The answer: prompts have no enforcement. If the same agent both interprets what you want and decides what to do, it will eventually override "the user didn't ask for this" with "I think this change is better." Only when the enforcer and the executor are two separate instances, and the enforcer literally has no ability to act, does the constraint actually hold. That is an architectural decision, not something prompt engineering can patch over.

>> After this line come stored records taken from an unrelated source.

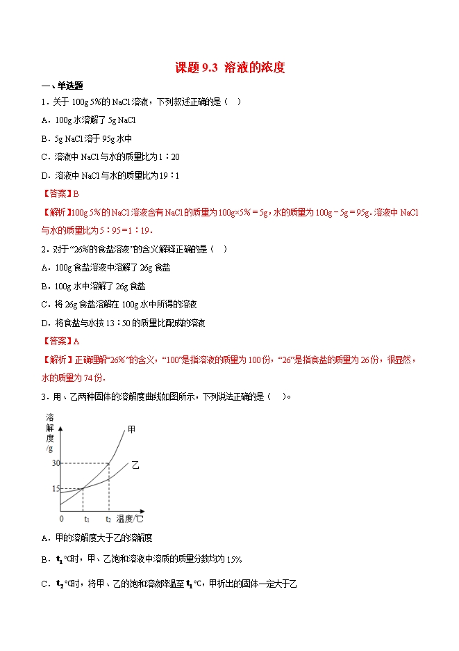 2019-2020学年人教版九年级化学下册《课题9. 3 溶液的浓度》同步练习(解析版)
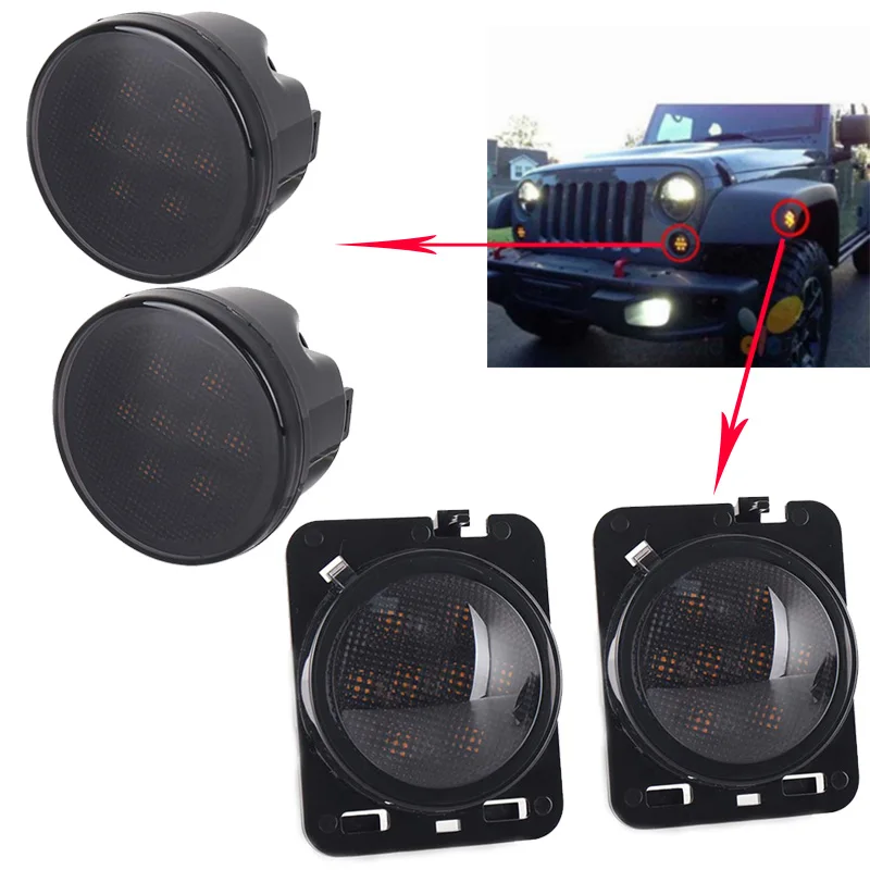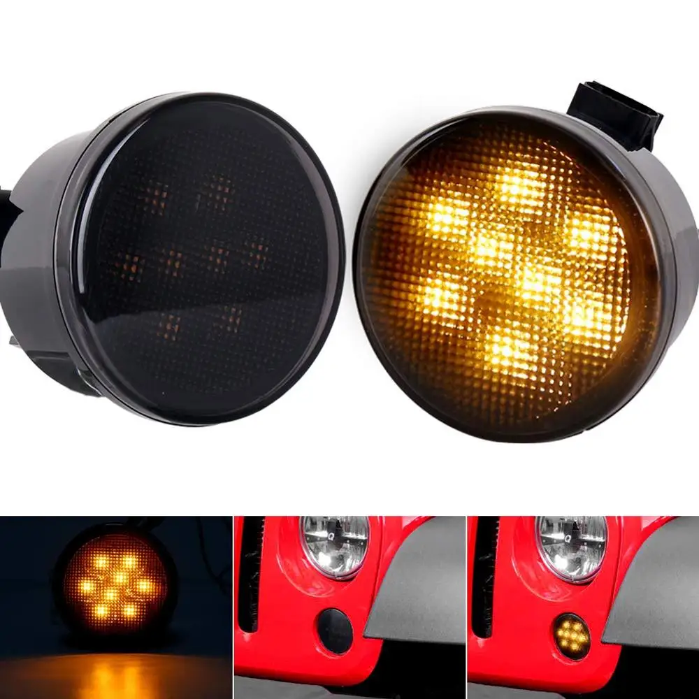 Дымовой объектив Желтый светодиодный сигнал поворота + КРЫЛО боковой маркер парковочный светильник в сборе для Jeep Wrangler JK Unlimited 2007-2017
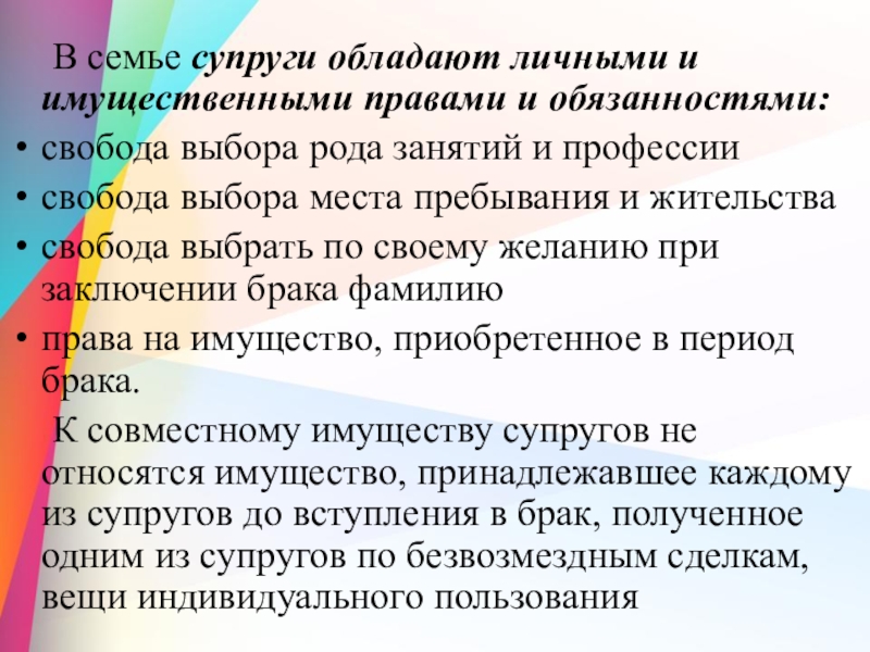 Слайд 8 В семье супруги обладают личными и имущественными правами и обязанностями:
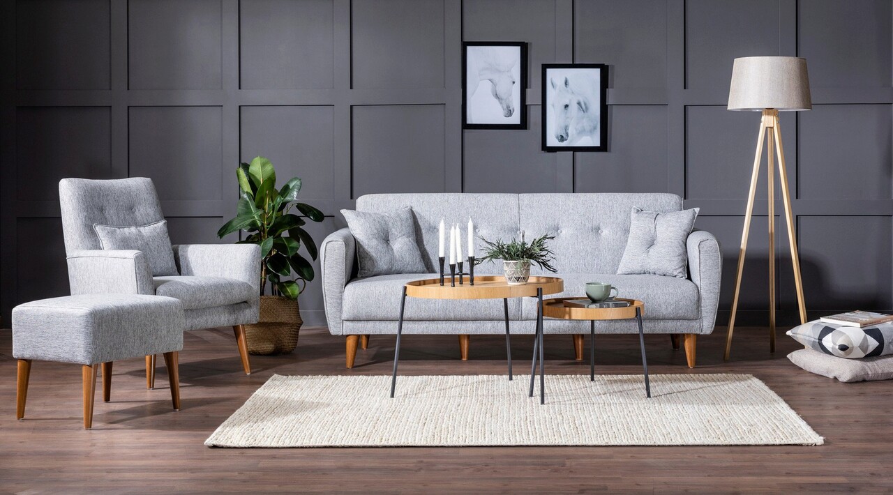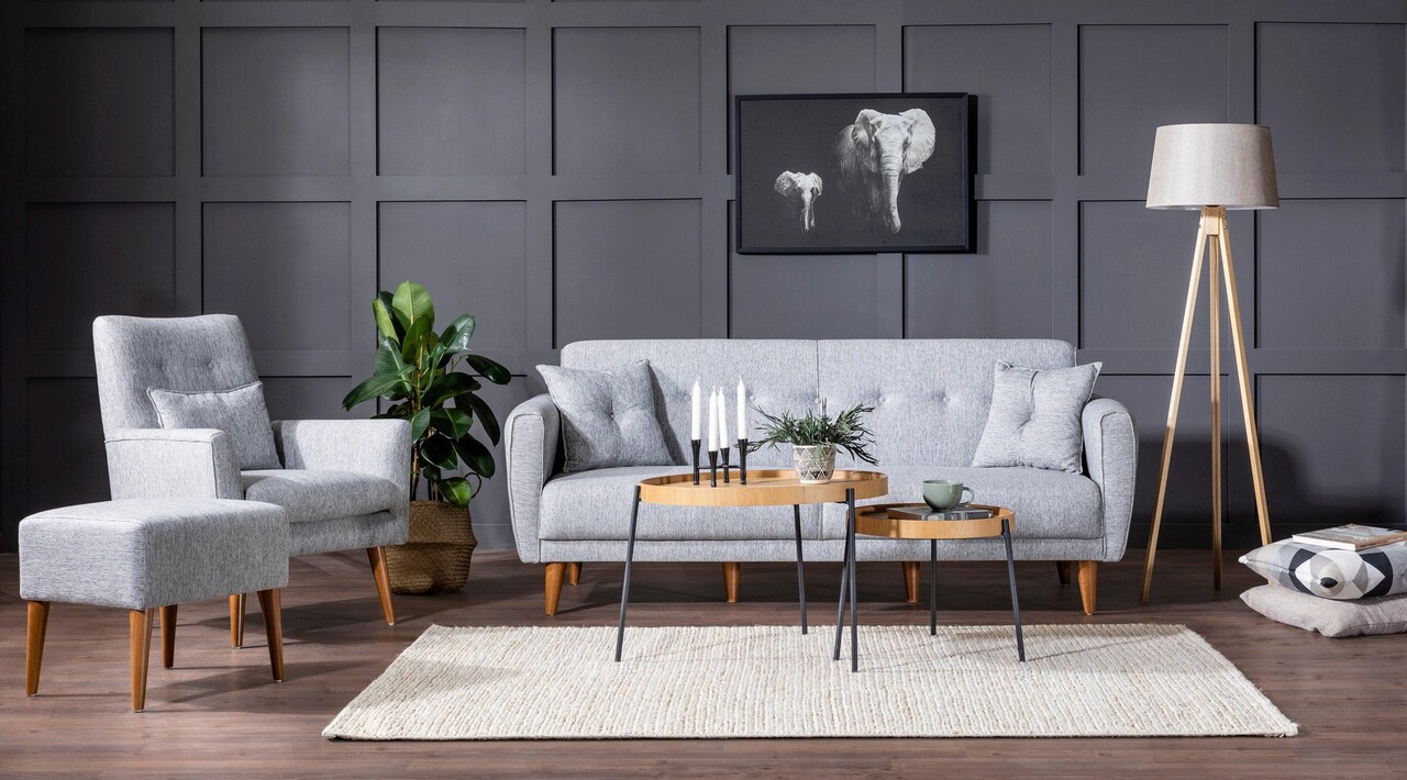Set canapea extensibilă, Unique Design, 867UNQ1588, Lemn de carpen, Gri

4.2 The five completion criteria

The Manager will not report a task as complete until all five of these are true — with verifiable evidence:

#	Criterion	What counts as evidence
1	Original requirement implemented correctly	Test output, output of relevant commands
2	Changes committed	`git log` showing the commit
3	Merged to main branch	`git log main` showing the merge
4	Main branch verified post-merge	Build/test run on main after merge
5	Workspace clean, no scope violations	`git status` clean, diff shows only expected files

"The agent said it's done" does not count. The Manager requires actual command output, tool results, or test runs. This eliminates the most common — and most insidious — failure mode: an agent that summarizes success without actually delivering it.

This principle will feel "overly strict" at times, until you first run into a situation where the Execution Agent reports "done" and the Manager pulls up git status to find uncommitted changes still sitting in the worktree, and sends the task back. That is the moment you realize what the word "done" really means.

4.3 Parallel SubAgent execution

When the Execution Agent identifies independent subtasks, it dispatches them as SubAgents that run concurrently:

Execution Agent calls run_subagent("Fix auth module",  model="claude-sonnet-4-5")
Execution Agent calls run_subagent("Write tests",      model="claude-sonnet-4-5")
Execution Agent calls run_subagent("Update docs",      model="claude-haiku-4-5")
          ↓                              ↓                      ↓
    [runs in parallel]            [runs in parallel]     [runs in parallel]
          ↓                              ↓                      ↓
    SubAgent returns result       SubAgent returns result  SubAgent returns result
          ↓                              ↓                      ↓
                    Execution Agent collects all results
                              ↓
                    Runs verification, hands evidence to Manager

SubAgents share the Execution Agent's worktree and coordinate their file changes through the Execution Agent, which sequences writes and manages the final merge. This avoids the race condition of concurrent SubAgents stepping on each other's writes.

Parallelism is not only a performance win. It fundamentally changes the waiting experience — the original "ask, wait, ask again, wait again" serial rhythm is replaced by "set the full goal once, watch multiple workstreams converge."

And because the Manager Agent is guarding scope upstream, the "loss of control" risk that usually comes with parallelism is held in check. No matter how fast three SubAgents run, the Execution Agent still merges in order, and the Manager still verifies the whole delivery against the same standard. Faster, without losing edges.

4.4 Context management under long tasks

Long-running tasks accumulate a lot of history. Helix uses two mechanisms to keep sessions healthy:

KV Caching: Large tool outputs (file reads, command results, search results) are cached so they don't need to be re-sent with every LLM request. The cache is transparent — you don't configure it, it just works.

Auto-compression: When conversation history grows beyond a threshold, Helix compresses older messages into a concise summary and moves the "active window" forward. The agent retains full context of what happened without paying the token cost of the full history.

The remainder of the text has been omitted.